My doctor, like everyone else, rolled her eyes at me.
“You’re twenty-two,” she said in her Eastern European accent. “You can handle everything. I wish I was feeling what you’re feeling.”
But, she wasn’t cold with me as she explained the ways I could reduce stress in my life.
“If you drink a lot, maybe your body doesn’t like alcohol,” she said. “Then just stop drinking, it’s okay.”
Obviously she had just met me.
As I was finishing my checkup, she told me that I was going to get my blood drawn. I tensed up, thinking about the incident with the IV. She left the room and I waited, controlling my breathing and sitting. My memory of waiting for the IV to be inserted and then my crying and the oral doctor getting angry at me only was beginning to manifest as the medical assistant came into the room.

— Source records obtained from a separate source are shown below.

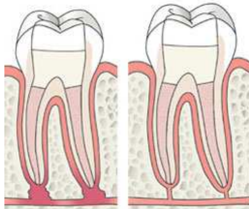
3 Wortelkanalen zijn afgesloten met vulmateriaal en de kies is voorzien van een vulling 4 Geruime tijd later is de ontsteking verdwenen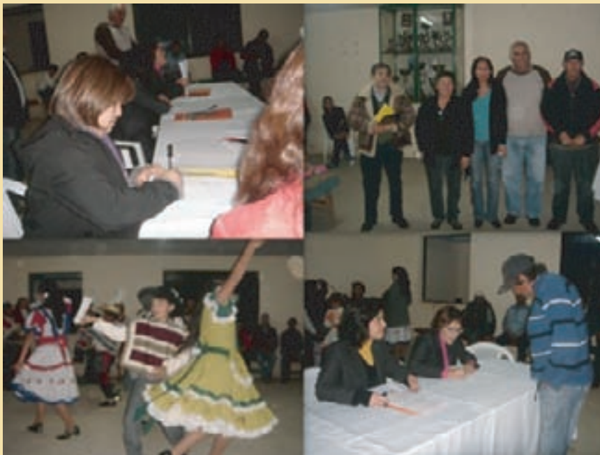
Constitución del Sindicato Los Morales IV Región.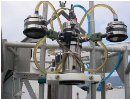
MOB 0, détail de la caméra photo et des 2 projecteurs à LED

MOB0 est constitué d'une structure aluminium (récupération d'un mouillage halieutique Prosper), de 2 largueurs acoustique (AR391 n° 24 et 25), d'un caisson énergie ASSEM. La prise de vue est assurée par l'appareil photo Hytech développé pour Victor avec stockage des photos en local équipé d'une carte de pilotage (OSEAN). Le hublot de la caméra est équipé du système antifouling (ERT/IC, Micrel). Deux projecteurs à LED (Dynasub) fournissent l'éclairage nécessaires et sont pilotés par la carte OSEAN. Un des projecteurs est équipé du système antifouling. Celui-ci, n'ayant pas fonctionné en laboratoire, a été déconnecté avant le mouillage. Le mouillage est également équipé d'une balise argos (25843), d'un gonio (canal 73, 156.675 MHz) et d'un flash fixés sur la lentille en mousse syntactique.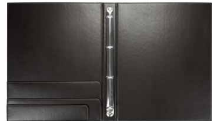
Anreisemappen Check-In Folders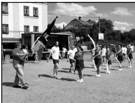
Cvičení kunvaldských sokolů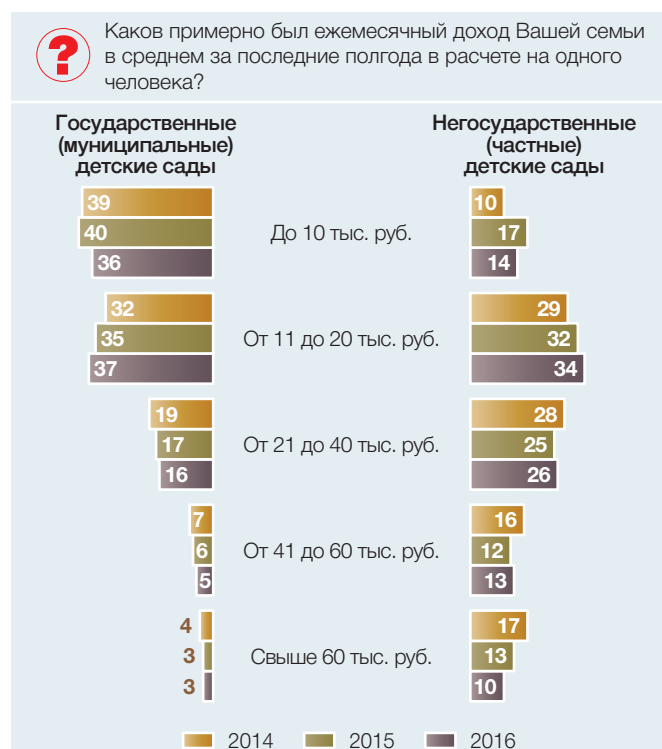
Рис. 1. Средний ежемесячный доход на одного человека в семьях, где дети посещают детские сады (в процентах от численности ответивших родителей)

Что касается частных детских садов, то доля семей с ежемесячным доходом на одного члена семьи до 10 тыс. руб. в 2016 г. также снизилась и составила 14% против 17% в 2015 г. Доля семей, где доходы не превышают 20 тыс. руб. на человека, выросла с 32 до 34%, более 60 тыс. руб. – сократилась до 10%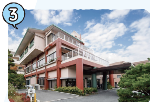
ひらかた聖徳園ホームケアセンター 聖徳園介護支援センター → P05 ひらかた聖徳園ホームヘルパーステーション → P07 ひらかた聖徳園訪問看護ステーション → P08 拠所 ふらっと香里の丘 → P13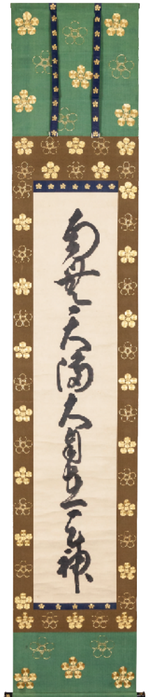
御神號 後水尾天皇 江戸時代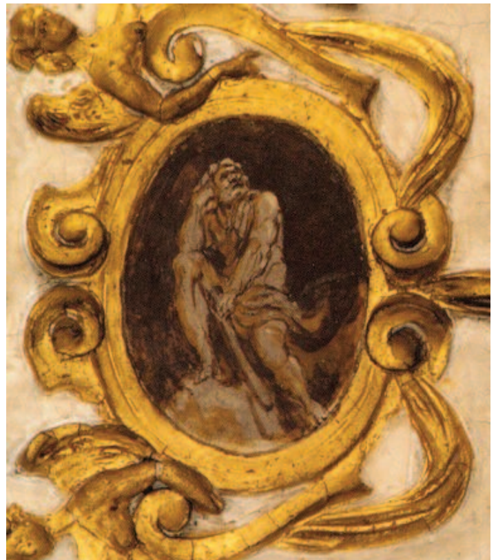
Fig. 10 Annibale Carracci, Ercole a riposo , affresco, Bologna, palazzo Sampier-Talon, seconda sala.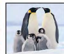
DICIEMBRE Pinguino Emperador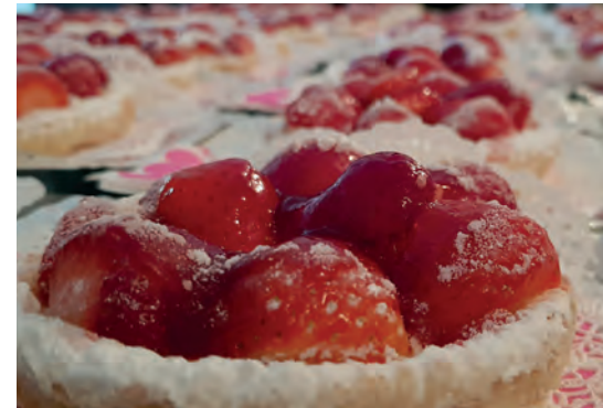
Bei allen beliebt: Erdbeertörtli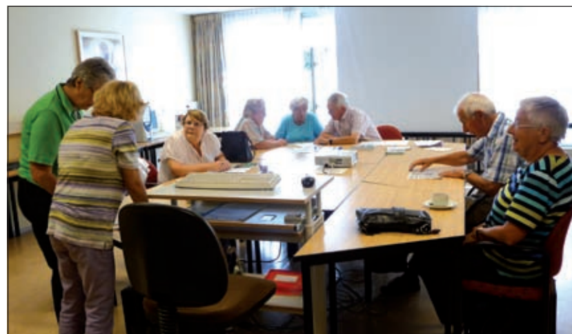
Een record aantal van 57 nieuwe cursisten heeft zich ingeschreven voor diverse computercursussen, die georganiseerd worden door de Maartensdijkse vestiging van SWO De Zes Kernen De Bilt.

5 aanmeldingen, dit overtreft echt al onze verwachtingen. We zijn er heel blij mee. Bijna iedereen kan gelijk starten, alleen 5 mensen die zich aangemeld hebben voor een cursus digitale fotobewerking staan op een wachtlijst'. Mochten er nog meer mensen geïnteresseerd zijn in een cursus dan kunnen ze of even binnen lopen in Dijkstate of even bellen met SWO Maartensdijk. (0346 214161)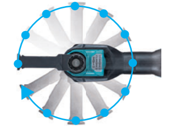
工具取付け角度 360° 作業に合わせて、30°毎に設定可能。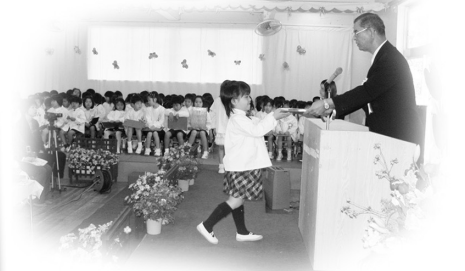
白川幼稚園 (男:38名 女:37名 計75名)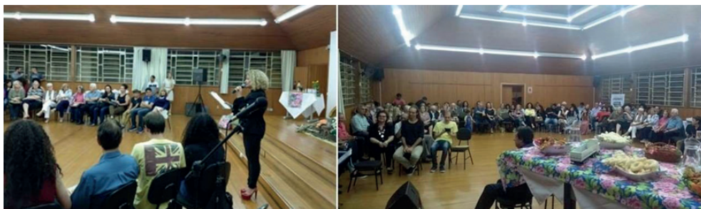
Figura 1 - Evento de abertura/Lançamento

Foram reuniões entre a coordenação e acadêmicos/estagiários e acadêmicos voluntários para a distribuição de tarefas e a execução do evento. Neste evento, participaram da organização a coordenação, os 3 estagiários e 5 acadêmicos voluntários do Curso de Licenciatura em Artes Visuais. No dia do evento, além dos envolvidos, houve a participação de escritores, artistas plásticos, comunidade em geral, acadêmicos e professores de vários cursos, como Letras, Turismo, Jornalismo e Artes Visuais. A participação contou com 250 pessoas, entre convidados e comunidade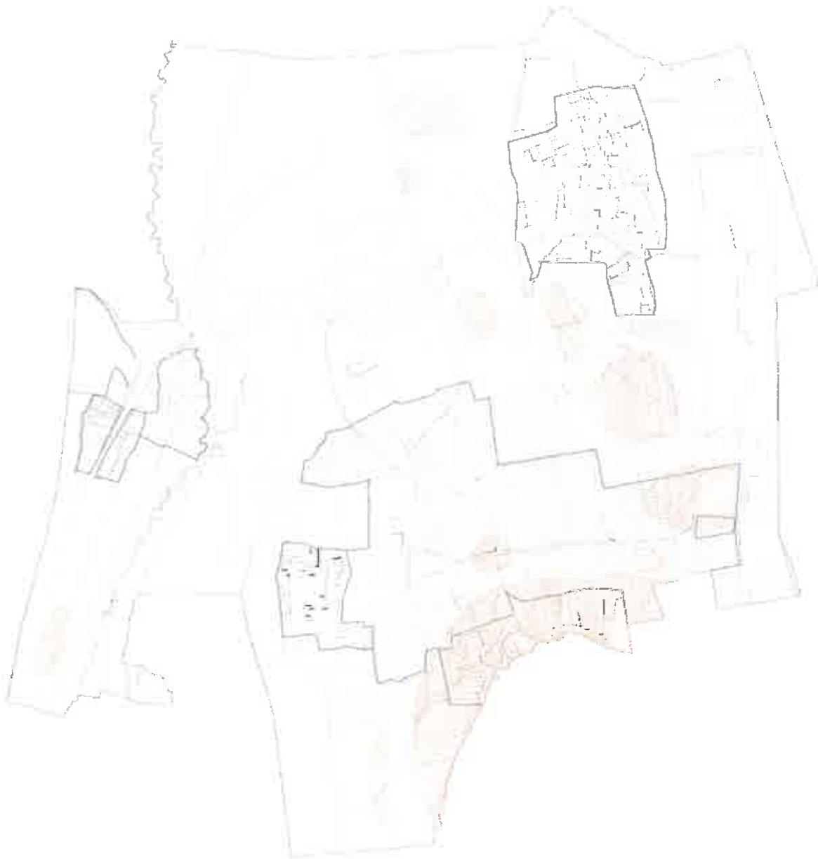
1. Régészeti lelőhelyek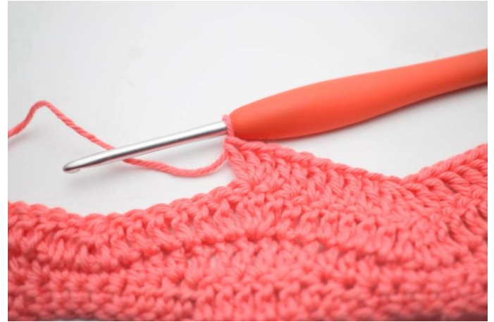
14. 3 ma nella m succ.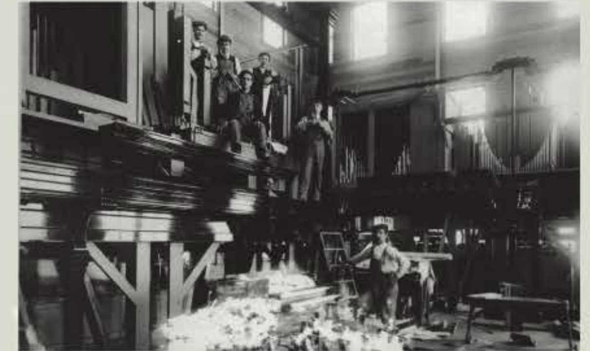
Quelques ouvriers de la maison Casavant Frères en 1919.

La crise économique des années 1930 frappe durement l'entreprise qui diversifie ses activités en inaugurant un département d'ébénisterie. Les affaires finissent toutefois par reprendre après la Seconde Guerre mondiale et depuis, le succès de Casavant Frères ne se dément pas. Au tournant de l'an 2000, la maison pouvait ainsi se targuer d'avoir produit, depuis sa fondation, plus de 3800 orgues.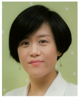
유희정 성남시 소아청소년 정신건강센터장 분당서울대병원 신경정신과 교수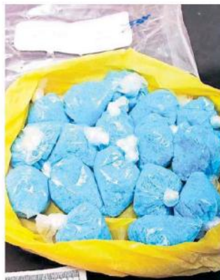
Traía 17 bolsas de metanfetamina.

Luego de ello, el imputado se encuentra interno en el Reclusorio Preventivo de la Zona Metropolitana de Guadalajara, ubicado en el complejo de Puente Grande.

“Hi, I just want you to know that I get nervous with things like this,” I said immediately.
She played along with making small talk about the city and even though I kept my focus on the ceiling, I looked down at her getting the kit ready.
“I’m not going to look,” I said.
“No, don’t look,” she said.
As she put the needle in, I stopped mid-sentence, feeling elated and my smile spreading across my face.
“I’m doing it!” I exclaimed. “Oh this is such a big thing for me, I had a panic attack when I tried getting my wisdom teeth out last year and this means that I can do it!”
I was getting choked up with hope and pride, feeling as if I could conquer the world.
“That’s very good,” the medical assistant said motherly.
Once she finished up I did feel a bit light-headed (getting worked up over my medical accomplishments) and as I put my head down on the cot, I laughed and giggled and breathed easier and deeper, relief allowing me to relax my muscles and mind.
I signed out and left the building, knowing that I had done something that everyone has to do, and something that was very easy to do. But the mind can trick us into thinking there’s some dark narrative about to be written about our lives. Today I wasn’t reading that book.